Tak! Naprawdę się tego nie spodziewałam! Tym bardziej, że to jest kwartalnik ogólnopolski, a więc środowisko ogólnopolskie, nie tylko Białystok… Kto by pomyślał, że także gdzieś tam w Polsce zostałam dostrzeżona?! Ogromne zaskoczenie – nigdy bym się tego nie spodziewała, tym bardziej, że znalazłam się w tym rankingu wśród takich osób! Zawsze się tam pojawiali Chojnacki, Mann, Baron i wiele innych znakomitych osobowości… A teraz ja?! To naprawdę niespodziewane!

Może to dlatego, że w 2016 roku dało się bardziej zauważyć twoją działalność związaną z organizowaniem koncertów bluesowych?

Chyba nie bardziej niż we wcześniejszych latach. Wydaje mi się, że przede wszystkim chodzi o Jesień z Bluesem. Wiadomo, że robię też inne koncerty, ale jednak to Jesień z Bluesem miała tu znaczenie, od kilku lat też się przecież pojawia w tym rankingu. Rok temu odbieraliśmy nagrodę za pierwsze miejsce w kategorii „Wydarzenie roku.”

W tym roku Jesień jest na trzecim miejscu.

Tak. Ale ciągle jesteśmy ważni dla fanów bluesa, myślę więc, że i moje wyróżnienie jest związane z tą imprezą… Przyjeżdża wtedy do Białegostoku bardzo dużo ludzi z całej Polski.

I poznają cię jako organizatora Jesieni? Wychodzisz czasem na scenę?

Nie, nie! Nie pojawiam się na scenie! No raz, podczas jubileuszowej edycji, zostałam wywołana i nawet wtedy publiczność odśpiewała mi „Sto lat”, co było bardzo miłe… Ale to tylko raz. Tak poza tym jako organizatorzy nie pokazujemy się na scenie… Czasem tylko na holach pokazują palcem: „O! To ta!” [śmiech]

Ta, przez którą takie fajne koncerty są w Białymstoku…

No tak… Jeśli się poznajemy z fanami bluesa, to raczej pod sceną albo gdzieś w kuluarach tych wszystkich wydarzeń, podczas nieoficjalnych rozmów.

ela puczynska_fot. Tomasz Pienicki
Ela Puczyńska i Jan Chojnacki. Fot. Tomasz Pienicki

W kwietniu w Chorzowie odbędzie się Gala Blues Top. Spotkasz wtedy wielu innych laureatów rankingu… To będzie jakiś specjalny koncert?

Co roku odbywa się gala wręczenia nagród Blues Top i specjalny koncert „na bazie” muzyków, którzy zostali wyróżnieni w rankingu. Każdy gra ze swoim składem, ale jest też moment wspólnego muzykowania.

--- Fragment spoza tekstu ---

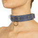 Голубой ошейник LOVECRAFT с полукольцами и кольцом на центральной части, для крепления поводка для ошейника, карабинов или веревки для шибари:
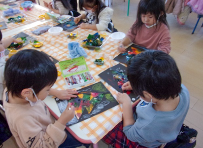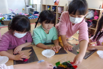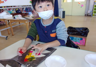 1枚1枚丁寧に並べて貼る子や豪快に2~3枚重ねて貼る子など個性豊かな作品が出来上がりました。
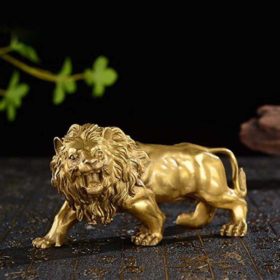 サイズ約15cm×約7cm×約8cm重量約500g素材 金属ライオンは力の象徴です。邪気や悪気を祓い除け、その場所や、空間の邪気や悪気の侵入を防ぐ力があるといわれています。また、仕事運や商売運を上げ、金運・財運を強力に上げるパワーがあるともいわれています。また、生命力や活力げ家庭運を良い方へと向上させ、夫婦円満、子宝、安産の強い味方になるともいわれています風水では、ライオンは力、勇敢、強者を象徴しており、生命力や活力を家庭運を上げるパワーもあり、家庭運を良い方へと向上させてくれるといわれております風水が盛んなアジアでは、今でも重要な政府機関などの入り口やデスクには、ライオンの置き物が置かれています。これはライオンの置き物に邪気を祓う力があると考えられているからです。国の中枢を司る機関にライオンの置き物を置くことで、国の繁栄と安定を願っていますまた、ライオンの置き物は財産運や仕事運を高めるとも言われています。悪いものを祓うことで、多くの人間が望む財産や仕事に関する良い運気を引き寄せることができるとされているからですこのようにライオンは幸運を引き寄せる重要な存在として位置づけ
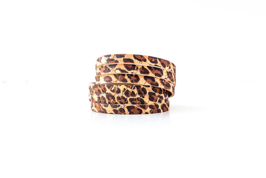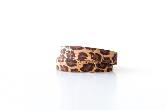 Leather Bracelet / Slim Wrap Cuff / Leopard Cork

Oczywiście pojawiają się też inni laureaci: redaktorzy, fotografowie itp.

Jako kierownik w Dziale Programowo-Edukacyjnym Białostockiego Ośrodka Kultury zajmujesz się nie tylko koncertami bluesowymi, ale także innymi wydarzeniami kulturalnymi. Jak oceniasz białostocką sferę kultury? Dużo dzieje się w naszym mieście? Jest w czym wybierać, jeśli chodzi o wydarzenia kulturalne?

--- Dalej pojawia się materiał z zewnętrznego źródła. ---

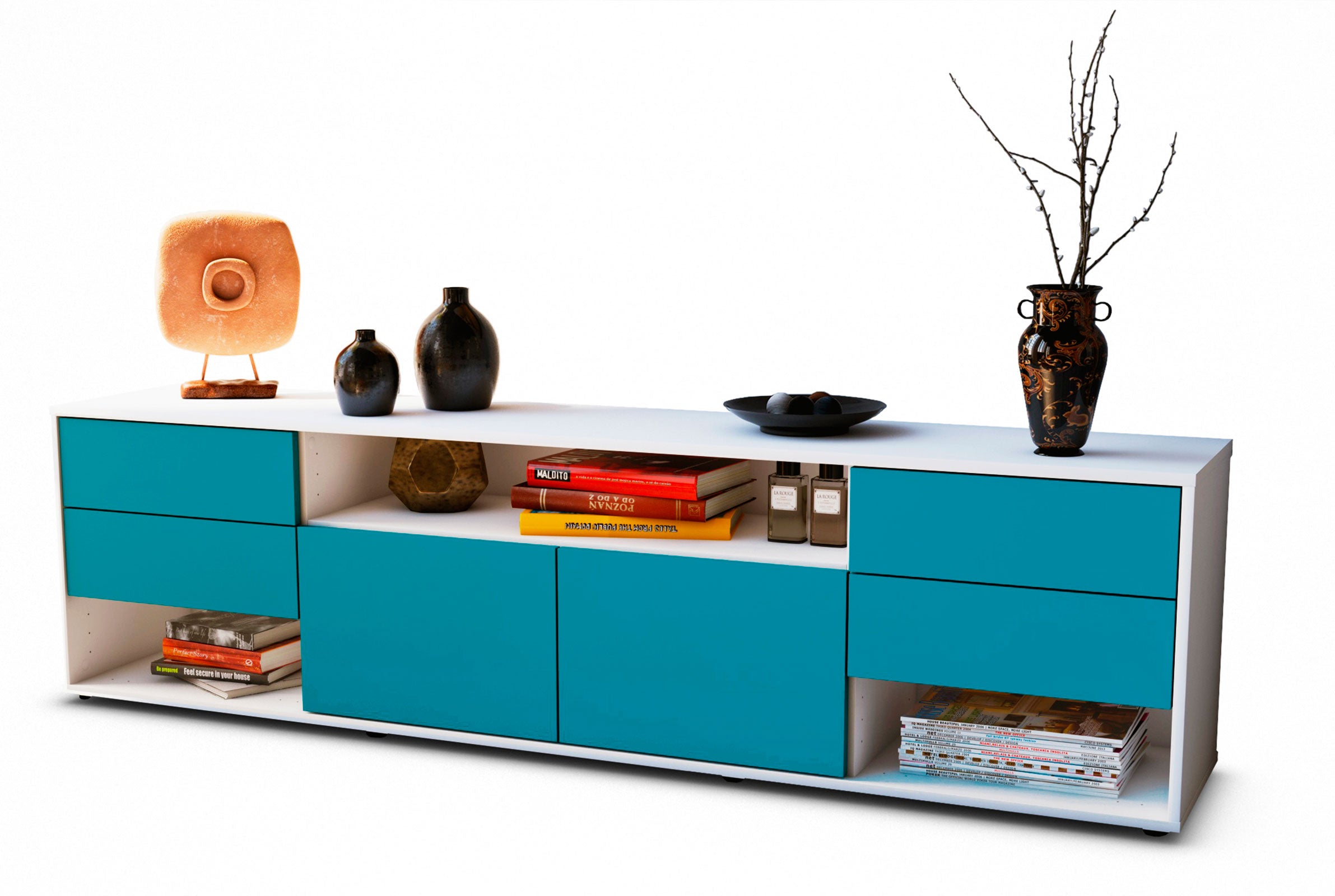 100% Hergestellt in Deutschland und mit Ökostrom produziert. Der Holzschrank überzeugt durch hochwertige Materialien sowie eine erstklassige und saubere Verarbeitung. Der Aufbau des Lowboards gestaltet sich aufgrund der Aufbauanleitung mit grafischen Darstellungen und Illustrationen einfach und schnell. Der Versand erfolgt innerhalb von 2-3 Werktagen. Dieses Lowboard hat Gesamt-Maße von 180x49x35cm. Viel Platz, eine leere Wand, kein passendes Möbelstück? Mit der Gesamtlänge von ca. 1,80 Meter bietet dieser Schrank vielzählige Einsatzmöglichkeiten. Die Frontfarbe im freundlichen Lagunenblau bringt das schöne Wetter in jedes Zuhause. Das intensive Türkis erinnert an die Karibik und schafft tagtägich einen zusätzlichen Erhoungsfaktor. Der weiße matte Korpus kann überall integriert werden. Mit der beruhigenden Farbe weiß, findet sich leicht Stellplatz für dieses schöne Möbelstück.

Uważam, że naprawdę bardzo dużo rzeczy się dzieje w Białymstoku! I bardzo łatwo uczestniczyć w wydarzeniach kulturalnych – od tych „ludycznych”, po spotkania literackie, wystawy, koncerty… Jest naprawdę masa wydarzeń i grzeszą ci, którzy mówią, że w Białymstoku się nic nie dzieje.

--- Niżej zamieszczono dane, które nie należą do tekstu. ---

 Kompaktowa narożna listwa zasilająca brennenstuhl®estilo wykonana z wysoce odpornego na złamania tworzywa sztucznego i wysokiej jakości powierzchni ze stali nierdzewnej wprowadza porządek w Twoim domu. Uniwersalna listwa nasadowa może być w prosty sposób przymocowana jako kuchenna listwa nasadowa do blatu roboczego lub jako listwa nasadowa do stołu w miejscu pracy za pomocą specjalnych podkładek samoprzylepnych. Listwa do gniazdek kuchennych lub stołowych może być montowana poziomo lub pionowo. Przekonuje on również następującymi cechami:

Jasne, że ktoś może powiedzieć „Nie ma koncertu mojego ulubionego zespołu”. Warto jednak dostrzegać, ile innych wydarzeń mamy do wyboru. Począwszy od organizowanych przez instytucje, stowarzyszenia, fundacje, kończąc na tych, które odbywają się w prywatnych klubach. Wystarczy spojrzeć w kalendarz imprez kulturalnych, który wydaje Urząd Miasta. Są tam wydarzenia na stałe wpisane w nasze miasto, ale także nowe, ciekawe imprezy, organizowane przez różne stowarzyszenia. Każdy znajdzie coś dla siebie: i najmłodszy odbiorca i starszy, i nawet ten najstarszy. Wystarczy się tylko rozejrzeć, żeby znaleźć bezpłatną imprezę czy taką za przysłowiowe 5 złotych. Do tego instytucje mają obowiązek stosowania zniżek dla seniorów i posiadaczy Karty Dużej Rodziny.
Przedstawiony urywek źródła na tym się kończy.